I downloaded the data for NUK_K edition 4 data again, using both links, and compared them with the edition 3 data. The result is quite different.

Linear regression with edition 3 data using edition 4 data from data_url.csv v4url. Linear regression with edition 3 data using edition 4 data from Dataverse. The mean difference (edition 4 - edition 3) is 0 (std=0.0142), which is minor. v4dataverse

So I would almost guess it's the data_url file that needs to be updated. (I have not yet checked all the other AWSs, though).

PennyHow commented 1 year ago

Yes, I think you have cracked it. It looks like the urls in our data_urls.csv are wrong. Let me fix this and then you can try your cloud cover plots again. I'll update them now and let you know when the correct urls are there.

PennyHow commented 1 year ago

The most up-to-date URLs are now available here. I'm just waiting for someone to review the PR request for this to be merged with our main branch.

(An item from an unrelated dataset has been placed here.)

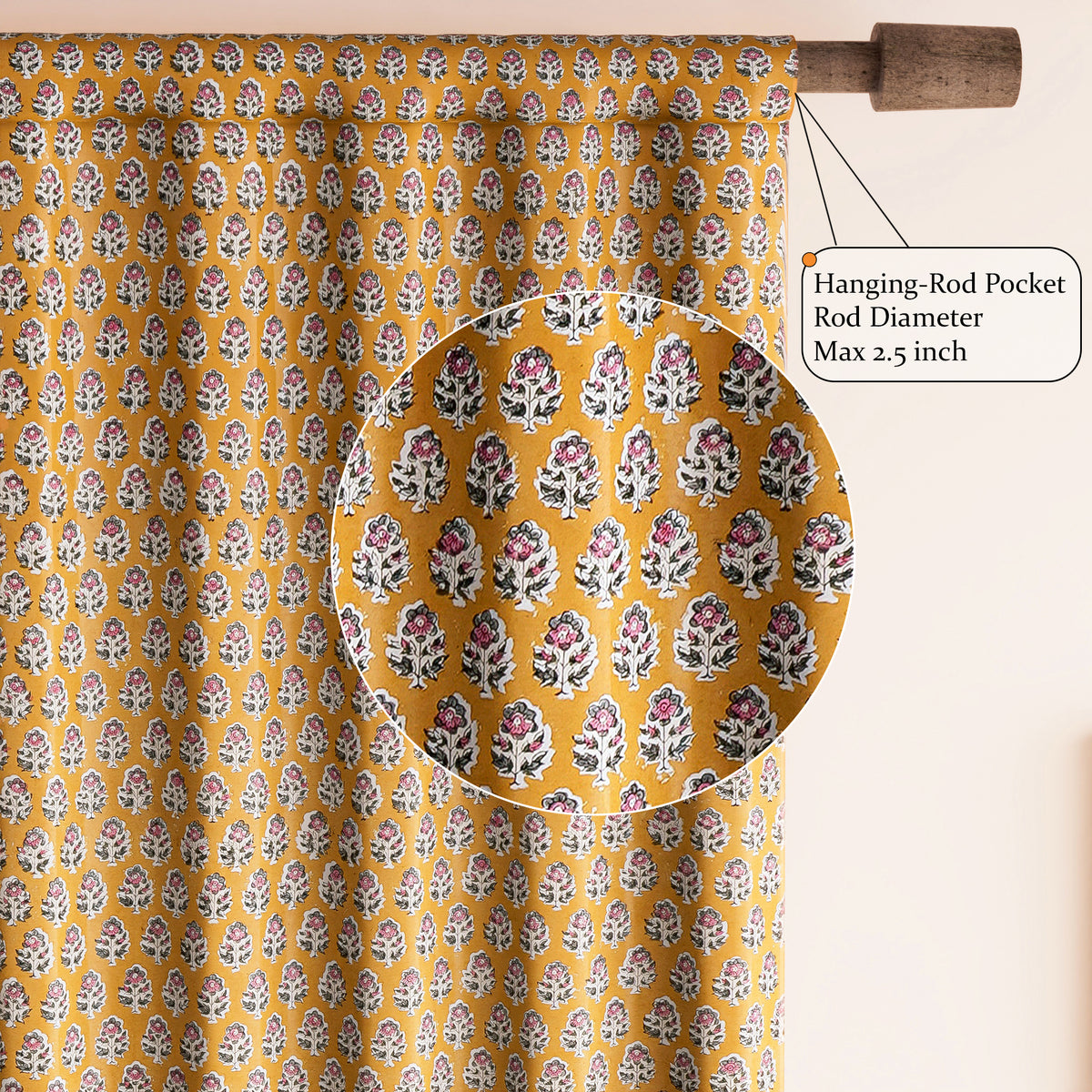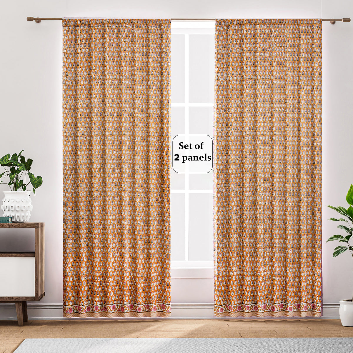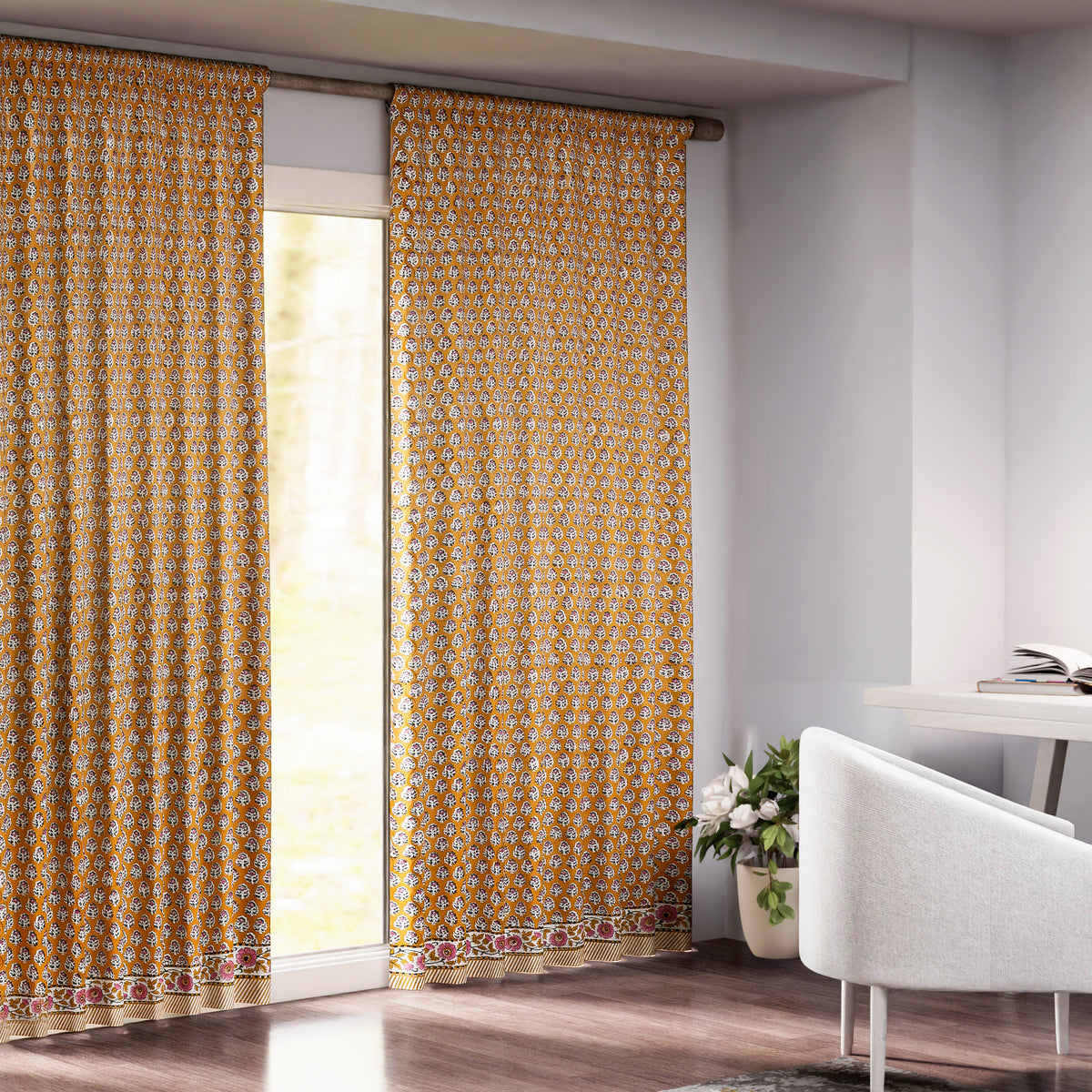 Let natural light filter through with our semi-sheer cotton block print curtains, designed for a soft, elegant touch in any space. These 100% cotton farmhouse-style drapes feature intricate handmade block prints, bringing a vintage-inspired charm to your living room, kitchen, bedroom, or cozy cottage space.

Can you let me know how your plots look now using these new URLs?

fsn1995 commented 1 year ago

v4Updated @PennyHow Hi, thank you so much for your help. Here is the is the updated cc plot and looks good. I also did a quick comparison of cc and albedo at 2 random AWSs with edition 3 data and the agreement is well. I think we can close this issue now. Thanks again for your help!

PennyHow commented 1 year ago

You are so welcome. Thanks for highlighting this to us!